YOUR ASSIGNMENT → Retype exactly the span of lines below from the one with "强化沟通,服务学生,统筹部署" through the one with "Flugzeuge Zivil Belair". Do not include pictures.

*** Opening of RECORDS FOR THIS EXERCISE ***

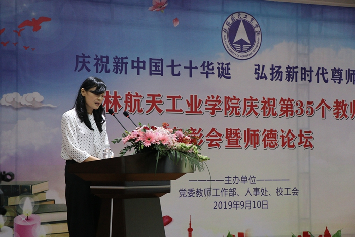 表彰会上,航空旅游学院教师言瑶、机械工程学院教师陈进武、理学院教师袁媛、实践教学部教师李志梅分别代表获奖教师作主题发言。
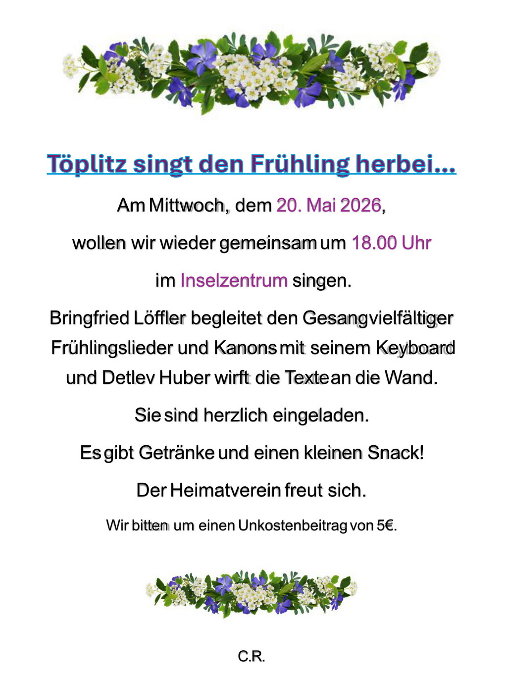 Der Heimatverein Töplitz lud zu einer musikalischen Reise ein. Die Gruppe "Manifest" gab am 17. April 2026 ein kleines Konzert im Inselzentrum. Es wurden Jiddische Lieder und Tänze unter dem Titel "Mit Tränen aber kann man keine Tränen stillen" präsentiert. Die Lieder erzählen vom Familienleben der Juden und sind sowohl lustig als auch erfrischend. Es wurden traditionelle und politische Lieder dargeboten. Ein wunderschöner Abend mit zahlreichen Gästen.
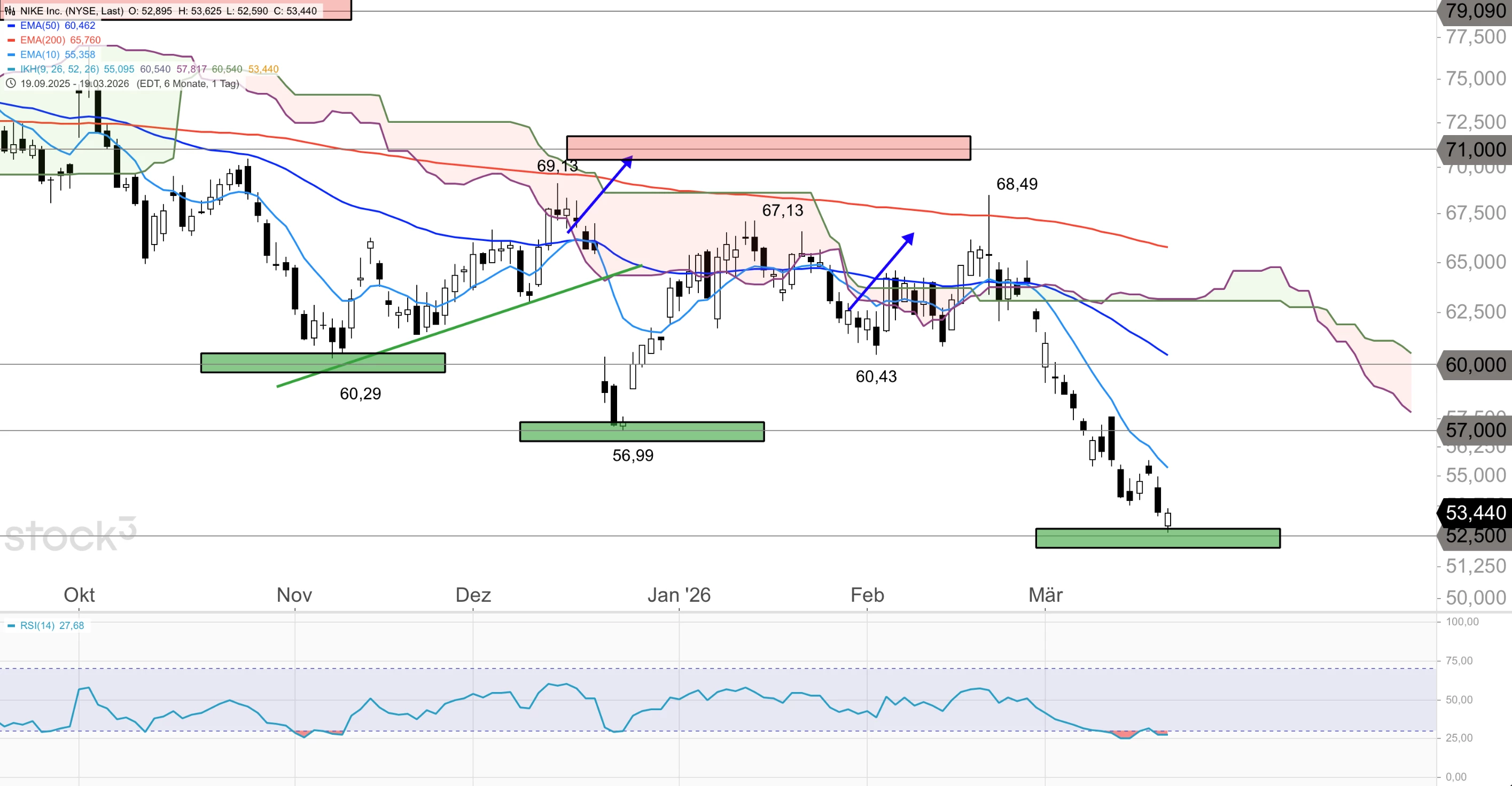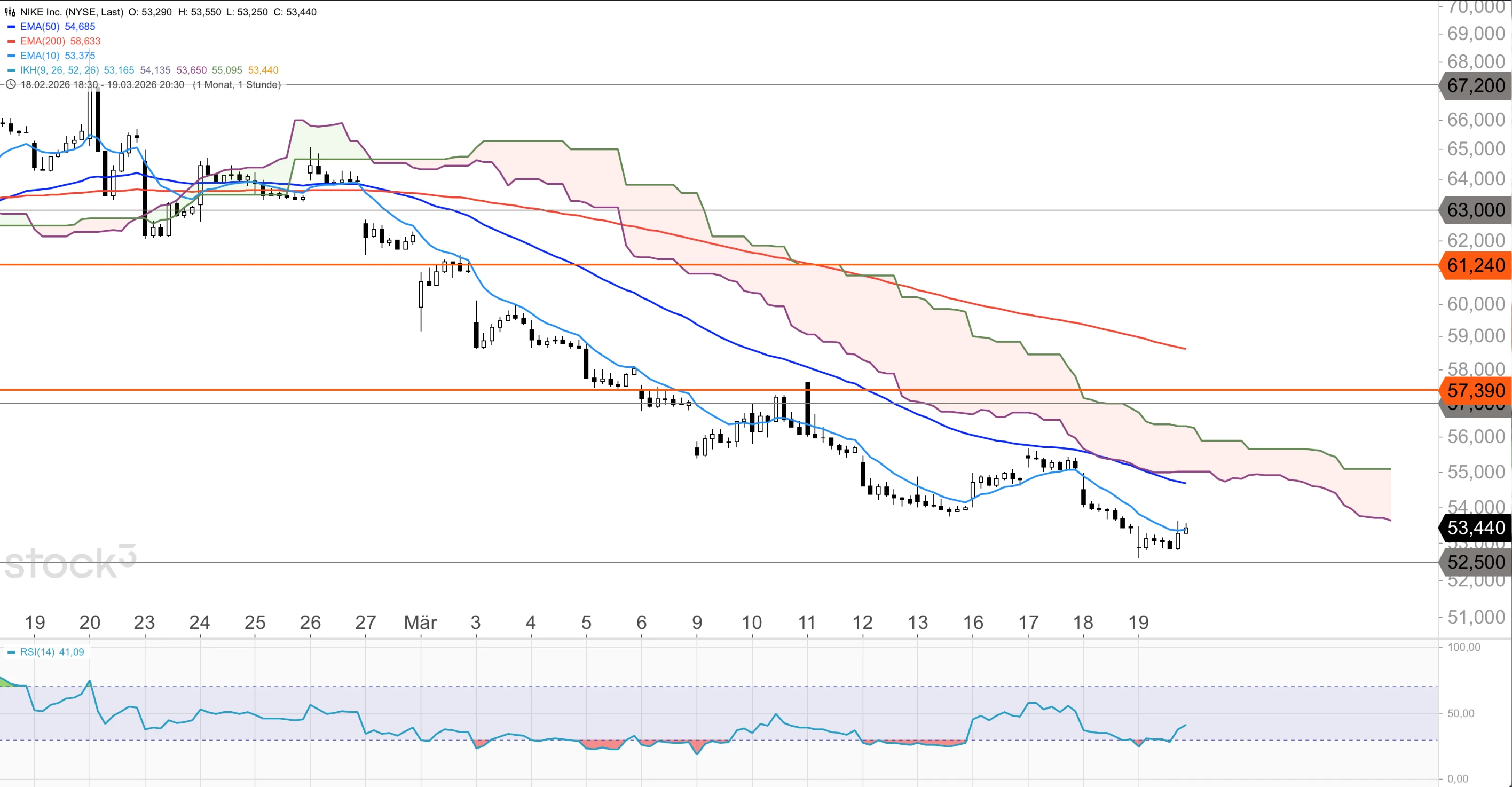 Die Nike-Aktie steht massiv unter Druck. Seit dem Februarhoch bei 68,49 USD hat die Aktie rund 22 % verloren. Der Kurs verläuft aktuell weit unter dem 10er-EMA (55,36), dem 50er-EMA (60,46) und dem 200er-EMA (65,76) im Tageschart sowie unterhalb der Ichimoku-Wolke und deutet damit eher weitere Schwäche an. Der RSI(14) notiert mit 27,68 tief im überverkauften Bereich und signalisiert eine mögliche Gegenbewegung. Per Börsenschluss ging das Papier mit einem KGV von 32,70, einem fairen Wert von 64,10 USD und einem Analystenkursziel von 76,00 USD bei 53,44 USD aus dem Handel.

*** Close of RECORDS FOR THIS EXERCISE ***
*** Opening of RECORDS FOR THIS EXERCISE ***

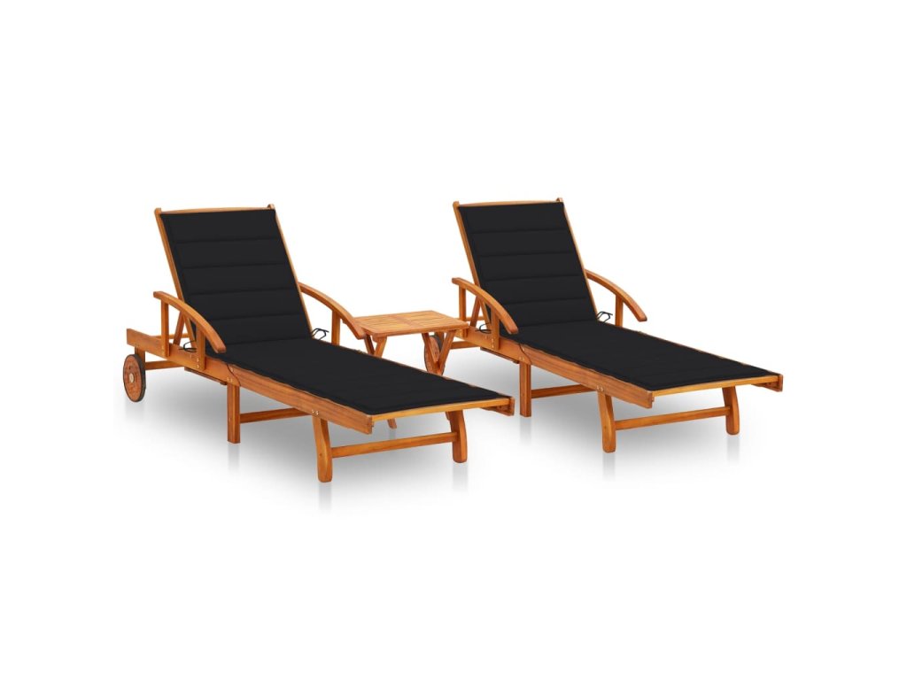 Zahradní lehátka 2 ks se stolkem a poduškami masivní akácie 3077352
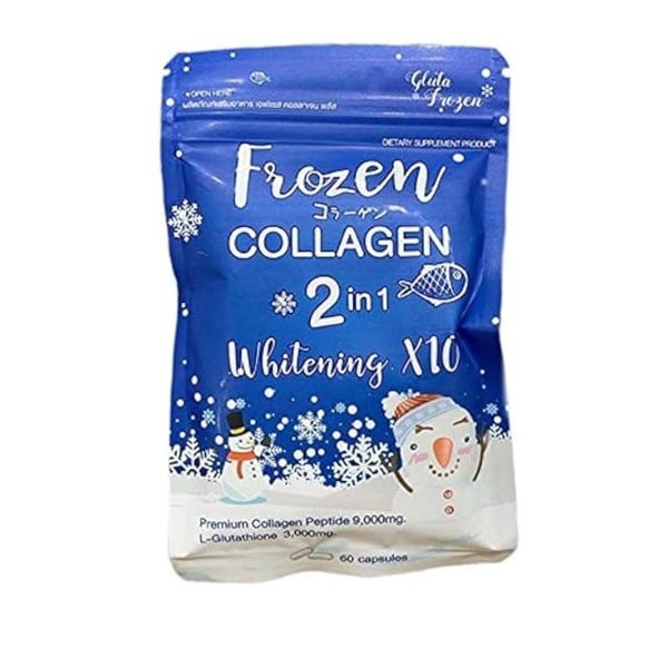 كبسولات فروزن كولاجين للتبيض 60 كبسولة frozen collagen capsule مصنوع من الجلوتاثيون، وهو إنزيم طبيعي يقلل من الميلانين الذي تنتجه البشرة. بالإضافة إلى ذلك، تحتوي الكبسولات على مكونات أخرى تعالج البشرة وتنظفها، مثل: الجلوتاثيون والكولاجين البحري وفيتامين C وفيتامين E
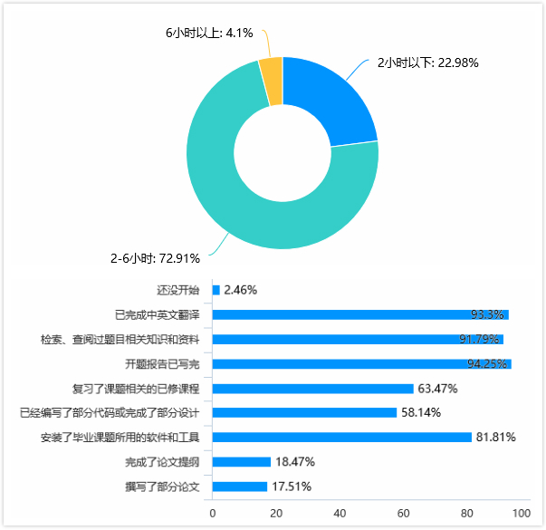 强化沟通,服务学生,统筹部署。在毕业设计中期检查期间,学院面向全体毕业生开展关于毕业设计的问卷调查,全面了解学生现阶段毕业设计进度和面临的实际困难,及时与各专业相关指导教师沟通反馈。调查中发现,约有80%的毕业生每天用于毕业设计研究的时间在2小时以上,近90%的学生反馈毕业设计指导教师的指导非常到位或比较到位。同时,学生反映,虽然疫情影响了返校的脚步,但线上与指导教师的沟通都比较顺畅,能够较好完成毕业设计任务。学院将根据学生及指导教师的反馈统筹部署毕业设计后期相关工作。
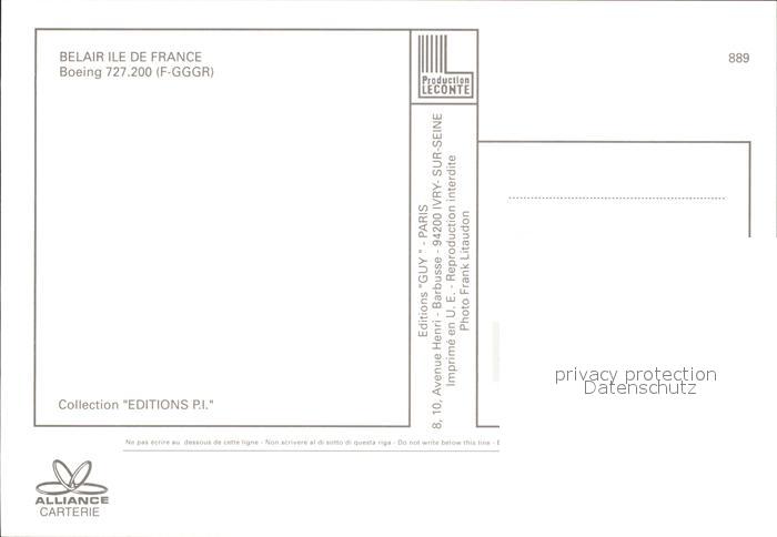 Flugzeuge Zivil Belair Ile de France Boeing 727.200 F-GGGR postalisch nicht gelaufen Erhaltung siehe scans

*** Close of RECORDS FOR THIS EXERCISE ***
*** Opening of RECORDS FOR THIS EXERCISE ***

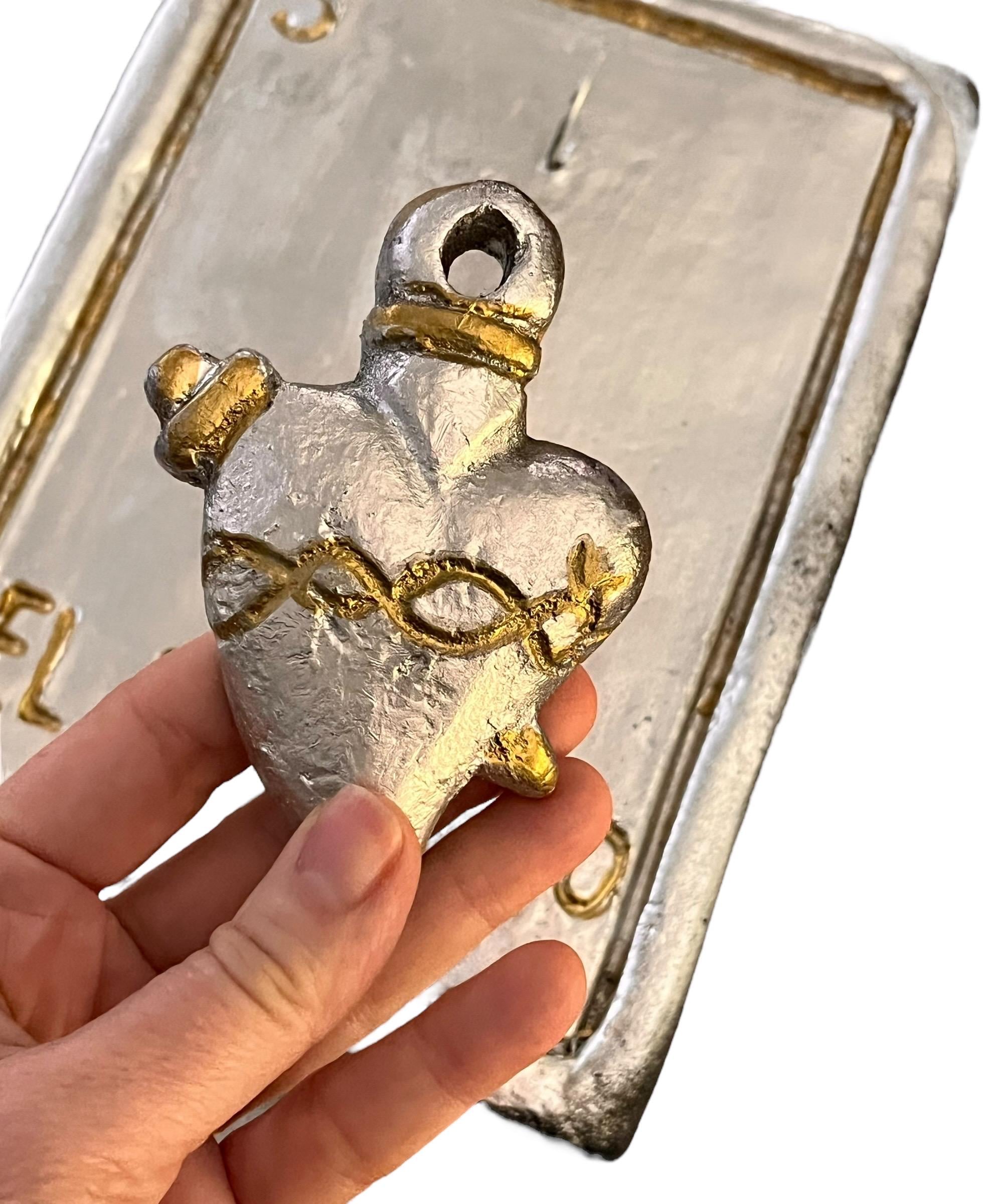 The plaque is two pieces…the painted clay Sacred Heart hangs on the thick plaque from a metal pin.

*** Close of RECORDS FOR THIS EXERCISE ***

ANSWER TO THIS EXERCISE →
 强化沟通,服务学生,统筹部署。在毕业设计中期检查期间,学院面向全体毕业生开展关于毕业设计的问卷调查,全面了解学生现阶段毕业设计进度和面临的实际困难,及时与各专业相关指导教师沟通反馈。调查中发现,约有80%的毕业生每天用于毕业设计研究的时间在2小时以上,近90%的学生反馈毕业设计指导教师的指导非常到位或比较到位。同时,学生反映,虽然疫情影响了返校的脚步,但线上与指导教师的沟通都比较顺畅,能够较好完成毕业设计任务。学院将根据学生及指导教师的反馈统筹部署毕业设计后期相关工作。
 Flugzeuge Zivil Belair Ile de France Boeing 727.200 F-GGGR postalisch nicht gelaufen Erhaltung siehe scans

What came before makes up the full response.